### TO DO
The entire listing below is to be written out exactly, minus the pictures.

---+---

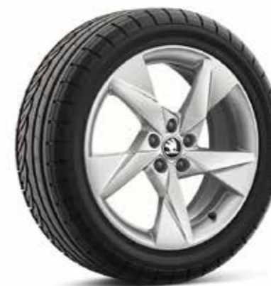
17" kotači od lakog metala VOLANS
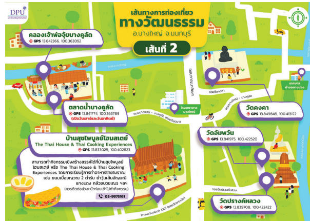
ภาพที่ 6 แผนที่เส้นทางท่องเที่ยวทางวัฒนธรรมในอำเภอบางใหญ่ จังหวัดนนทบุรี เส้นทางที่ 2
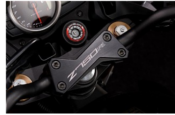
PONTET € 65,00
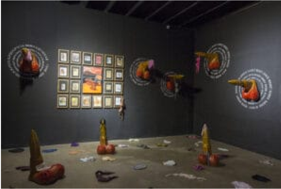
Betty Adii: Dystopian Reality: The Agony of Existence , 2021 raumgroße Installation. © Courtesy of the Artists

bekommen. Aus Scham und Angst sprechen viele Opfer nicht über die an ihnen begangene Gewalt.
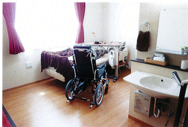
【居室】 ※画像はイメージです。 エアコン、トイレ、洗面化粧台、クローゼット全室完備。

安心のバリアフリー設計で、 充実したセカンドライフをお過ごしいただけます。 居室は完全個室。13.7㎡～13.8㎡の広さのお 部屋は、ご自分のお好きなようにインテリアを レイアウトしていただけます。 コミュニティホールでは、ご自由にくつろいでい ただいたり、入居者様と交流を図ったり、憩いの ひとときをお過ごしいただけます。
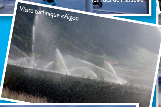
Visite technique «Aigo»
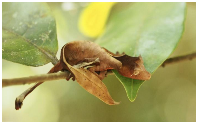
Gecko à queue feuilletée
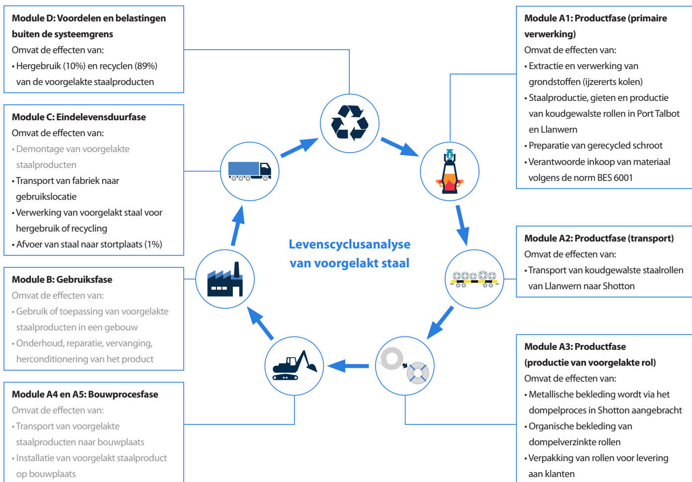
Afbeelding 2 Levenscyclusanalyse van voorgelakt staal

Alle informatie vanuit het dataverzamelingsproces is in aanmerking genomen en betreft alle gebruikte en geregistreerde materialen evenals het totale verbruik van brandstof en energie. De emissies ter plekke zijn gemeten en de metingen zijn verwerkt. De gegevens voor alle relevante productieplaatsen zijn grondig – ook kruiselings – gecontroleerd om potentiële gegevenshiaten in kaart te brengen. Geen enkel proces, materiaal of emissie waarvan een significante bijdrage aan het effect van het voorgelakte staal op het milieu bekend is, is buiten beschouwing gelaten. Op deze basis bestaat er geen bewijs waaruit valt af te leiden dat enige input of output die meer dan 1% bijdraagt aan de totale massa of energie van het systeem, of die milieutechnisch significant is, zou zijn weggelaten. Er wordt ingeschat dat alle uitgesloten stromen minder dan 5% bijdragen aan de effectanalysecategorieën. De productie van de benodigde machines en overige infrastructuur is in de LCA niet in aanmerking genomen.
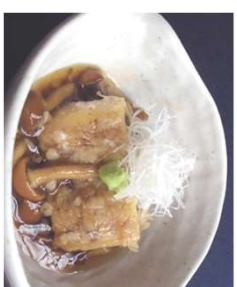
『うなぎ白焼の粒そばなめこ あん白髪ねぎわさび添え』
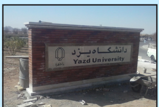
سازه معماری ورودی بصیرت
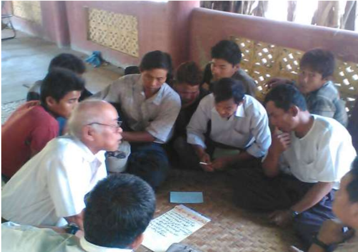
သာပေါင်းမြို့နယ်၊ ကွင်းခြောက်ကျေးရွာအုပ်စု၊ တလုတ်ပင်ကွင်းကျေးရွာတွင် အစည်းအဝေးပြုလုပ်ပုံ
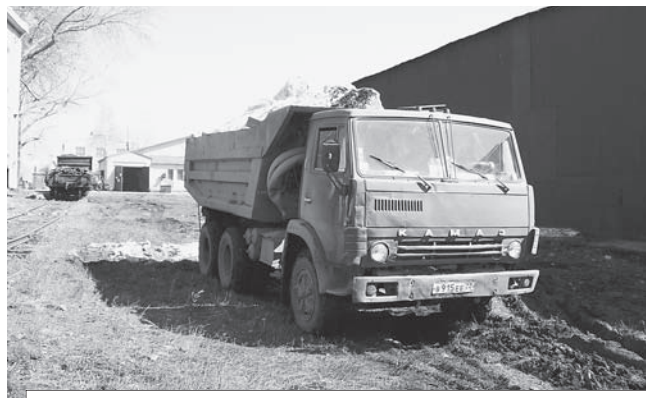
Снег с территории предприятия в этом году пришлось вывозить особенно тщательно. Как всегда, выручила заводская техника.
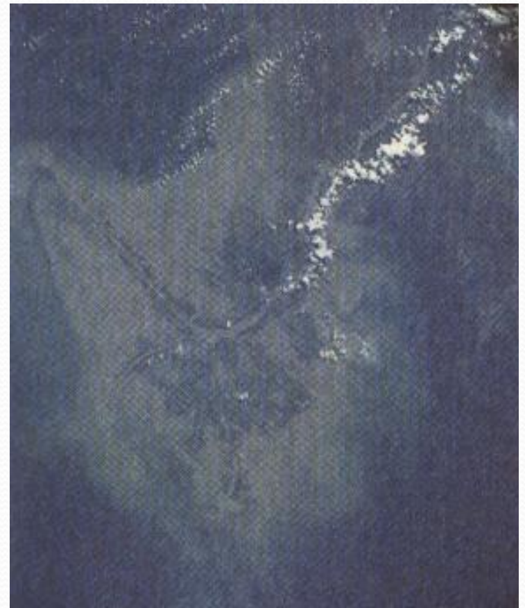
Вид из космоса
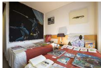
MORI YU GALLERY
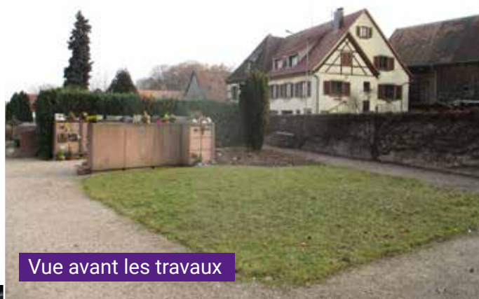
Vue avant les travaux
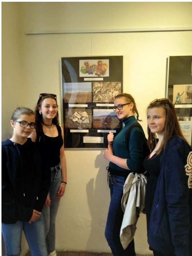
„To je hlína, umělecká přehlídka“
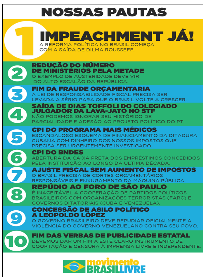
Figura 2 - Nossas pautas

O MBL, que originalmente convocou as manifestações de 15 de março e 12 de abril tem como pauta principal o Impeachment da presidente Dilma Rousseff. O Partido dos Trabalhadores utiliza a corrupção como instrumento para seu plano de poder. Mensalão e Petrolão foram mais do que apenas desvio de dinheiro, foram compra do legislativo pelo executivo destruindo assim a independência dos três poderes e os valores republicanos. Por isso o Impeachment de Dilma tem caráter mais emergencial e a pauta fundamental a ser levantada por todos os grupos ao redor do país e do mundo. Mas essa não é a única pauta do dia 12 de abril, seguem mais algumas reivindicações de todo o Movimento Brasil Livre, presente em mais de 100 cidades (MBL, 2015d).
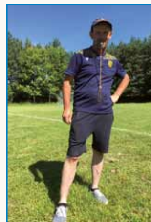
Športni dan ... stran 7
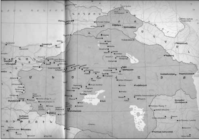
Arménia és a kereskedőutak

tő programot folytatta az ifjútörök kormány is, mely 1915-től végrehajtotta a XX. század első népirtását. Ennek másfél millió polgári lakos esett áldozatul, félmillió pedig más országokban keresett és talált menedéket.
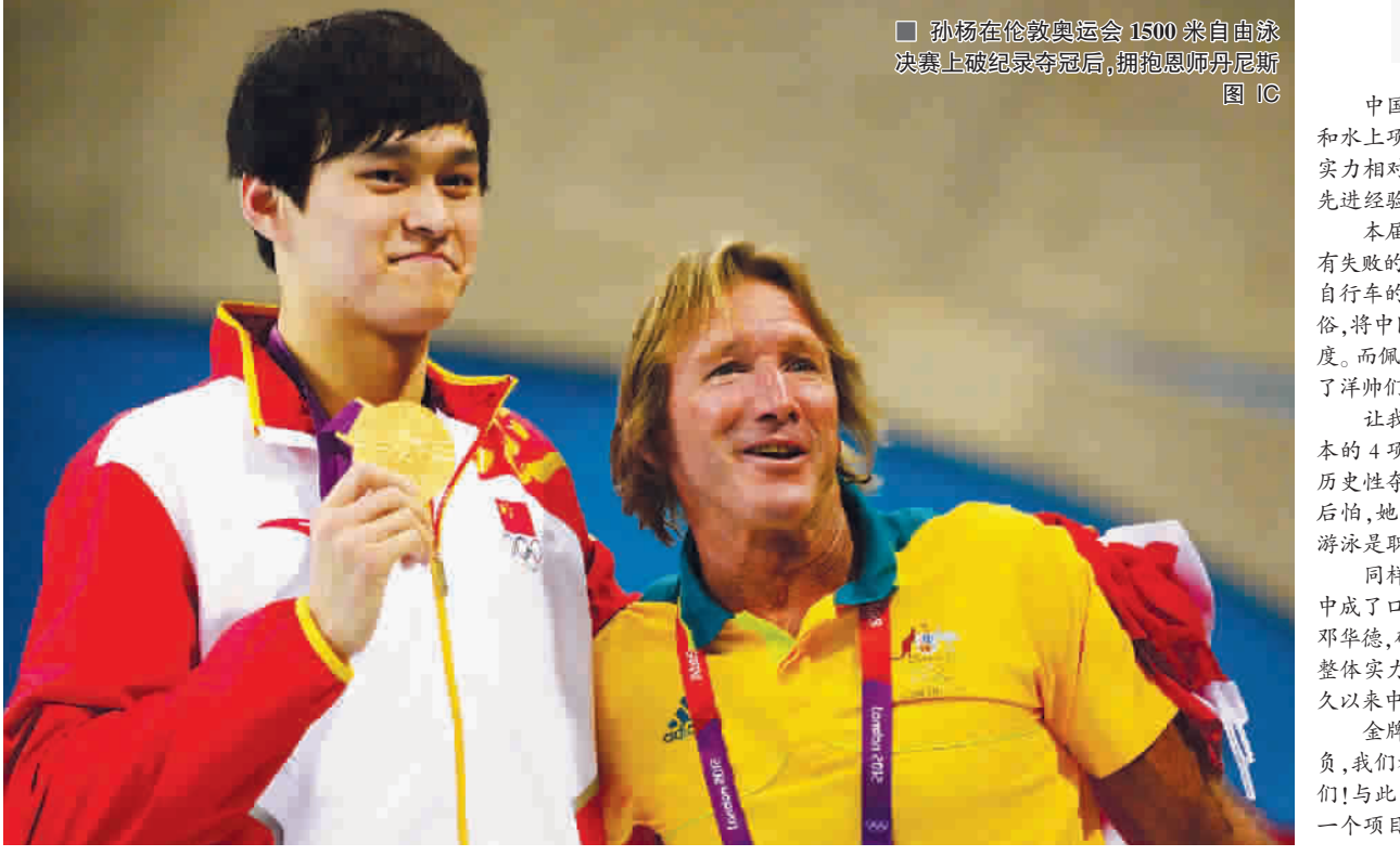
孙杨在伦敦奥运会1500米自由泳决赛上破纪录夺冠后,拥抱恩师丹尼斯
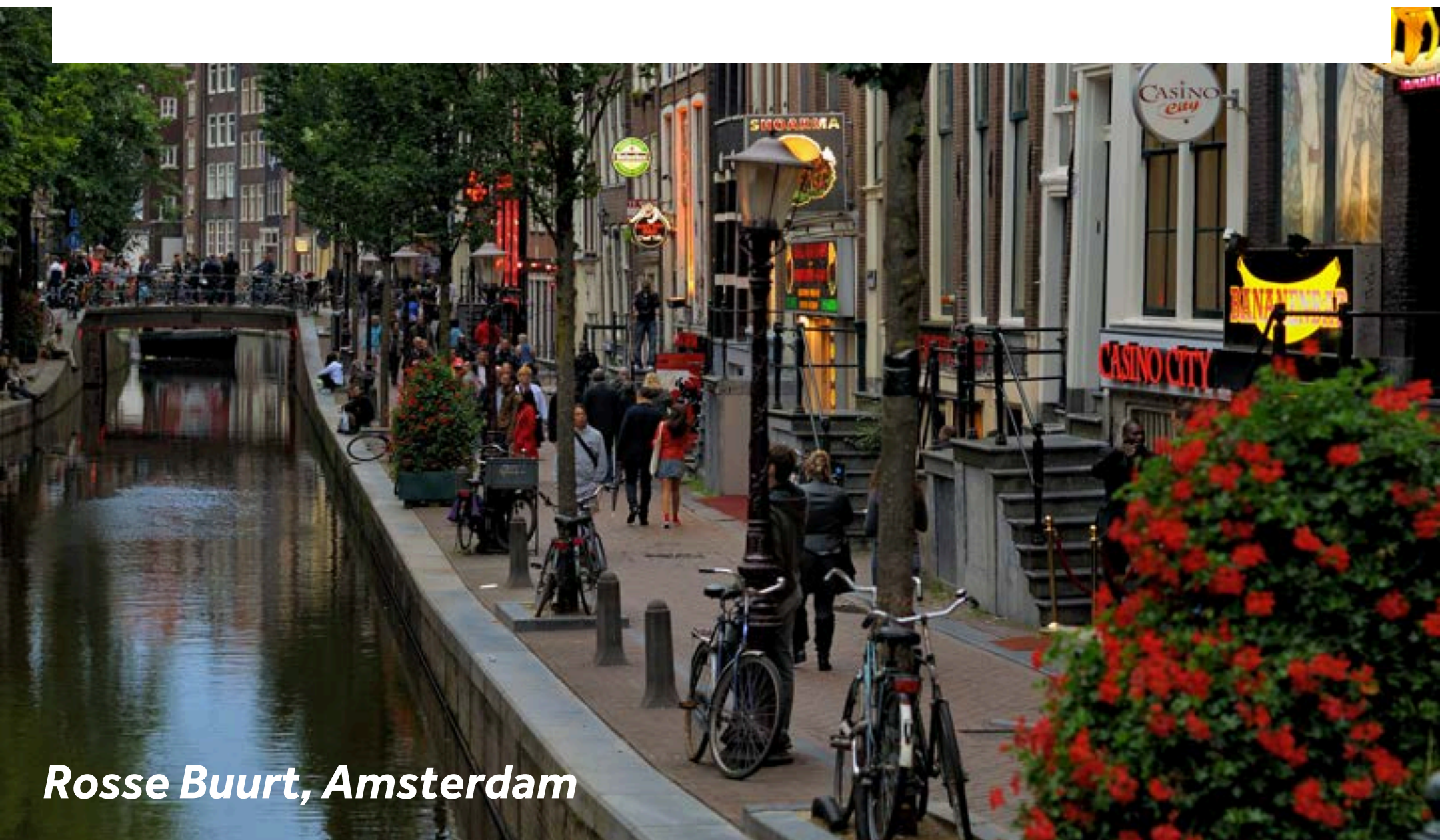
Rosse Buurt, Amsterdam

Das zentrale Rotlichtviertel Amsterdams ist das bekannteste der Stadt und zieht Besucher mit seiner einzigartigen Mischung aus Geschichte und Nachtleben an. Entlang der malerischen Grachten finden Sie hier eine besondere Kombination aus Bars, Erotikshops, Museen und historischen Sehenswürdigkeiten – ein faszinierender Einblick in die weltoffene und tolerante Seele Amsterdams.
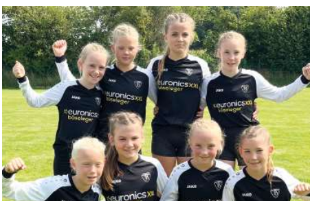
TV Brettorf - 4. Platz.
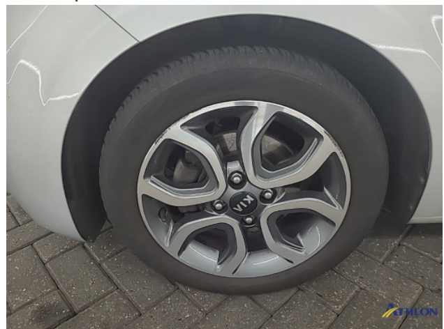
1. diverse schades Gebruikssporen

---+---

### EXERCISE SOLUTION
17" kotači od lakog metala VOLANS
ภาพที่ 6 แผนที่เส้นทางท่องเที่ยวทางวัฒนธรรมในอำเภอบางใหญ่ จังหวัดนนทบุรี เส้นทางที่ 2
PONTET € 65,00
Betty Adii: Dystopian Reality: The Agony of Existence , 2021 raumgroße Installation. © Courtesy of the Artists

bekommen. Aus Scham und Angst sprechen viele Opfer nicht über die an ihnen begangene Gewalt.
【居室】 ※画像はイメージです。 エアコン、トイレ、洗面化粧台、クローゼット全室完備。

安心のバリアフリー設計で、 充実したセカンドライフをお過ごしいただけます。 居室は完全個室。13.7㎡～13.8㎡の広さのお 部屋は、ご自分のお好きなようにインテリアを レイアウトしていただけます。 コミュニティホールでは、ご自由にくつろいでい ただいたり、入居者様と交流を図ったり、憩いの ひとときをお過ごしいただけます。
Visite technique «Aigo»
Gecko à queue feuilletée
Afbeelding 2 Levenscyclusanalyse van voorgelakt staal

Alle informatie vanuit het dataverzamelingsproces is in aanmerking genomen en betreft alle gebruikte en geregistreerde materialen evenals het totale verbruik van brandstof en energie. De emissies ter plekke zijn gemeten en de metingen zijn verwerkt. De gegevens voor alle relevante productieplaatsen zijn grondig – ook kruiselings – gecontroleerd om potentiële gegevenshiaten in kaart te brengen. Geen enkel proces, materiaal of emissie waarvan een significante bijdrage aan het effect van het voorgelakte staal op het milieu bekend is, is buiten beschouwing gelaten. Op deze basis bestaat er geen bewijs waaruit valt af te leiden dat enige input of output die meer dan 1% bijdraagt aan de totale massa of energie van het systeem, of die milieutechnisch significant is, zou zijn weggelaten. Er wordt ingeschat dat alle uitgesloten stromen minder dan 5% bijdragen aan de effectanalysecategorieën. De productie van de benodigde machines en overige infrastructuur is in de LCA niet in aanmerking genomen.
『うなぎ白焼の粒そばなめこ あん白髪ねぎわさび添え』
سازه معماری ورودی بصیرت
သာပေါင်းမြို့နယ်၊ ကွင်းခြောက်ကျေးရွာအုပ်စု၊ တလုတ်ပင်ကွင်းကျေးရွာတွင် အစည်းအဝေးပြုလုပ်ပုံ
Снег с территории предприятия в этом году пришлось вывозить особенно тщательно. Как всегда, выручила заводская техника.
Вид из космоса
MORI YU GALLERY
Vue avant les travaux
„To je hlína, umělecká přehlídka“
Figura 2 - Nossas pautas

O MBL, que originalmente convocou as manifestações de 15 de março e 12 de abril tem como pauta principal o Impeachment da presidente Dilma Rousseff. O Partido dos Trabalhadores utiliza a corrupção como instrumento para seu plano de poder. Mensalão e Petrolão foram mais do que apenas desvio de dinheiro, foram compra do legislativo pelo executivo destruindo assim a independência dos três poderes e os valores republicanos. Por isso o Impeachment de Dilma tem caráter mais emergencial e a pauta fundamental a ser levantada por todos os grupos ao redor do país e do mundo. Mas essa não é a única pauta do dia 12 de abril, seguem mais algumas reivindicações de todo o Movimento Brasil Livre, presente em mais de 100 cidades (MBL, 2015d).
Športni dan ... stran 7
Arménia és a kereskedőutak

tő programot folytatta az ifjútörök kormány is, mely 1915-től végrehajtotta a XX. század első népirtását. Ennek másfél millió polgári lakos esett áldozatul, félmillió pedig más országokban keresett és talált menedéket.
孙杨在伦敦奥运会1500米自由泳决赛上破纪录夺冠后,拥抱恩师丹尼斯
Rosse Buurt, Amsterdam

Das zentrale Rotlichtviertel Amsterdams ist das bekannteste der Stadt und zieht Besucher mit seiner einzigartigen Mischung aus Geschichte und Nachtleben an. Entlang der malerischen Grachten finden Sie hier eine besondere Kombination aus Bars, Erotikshops, Museen und historischen Sehenswürdigkeiten – ein faszinierender Einblick in die weltoffene und tolerante Seele Amsterdams.
TV Brettorf - 4. Platz.
1. diverse schades Gebruikssporen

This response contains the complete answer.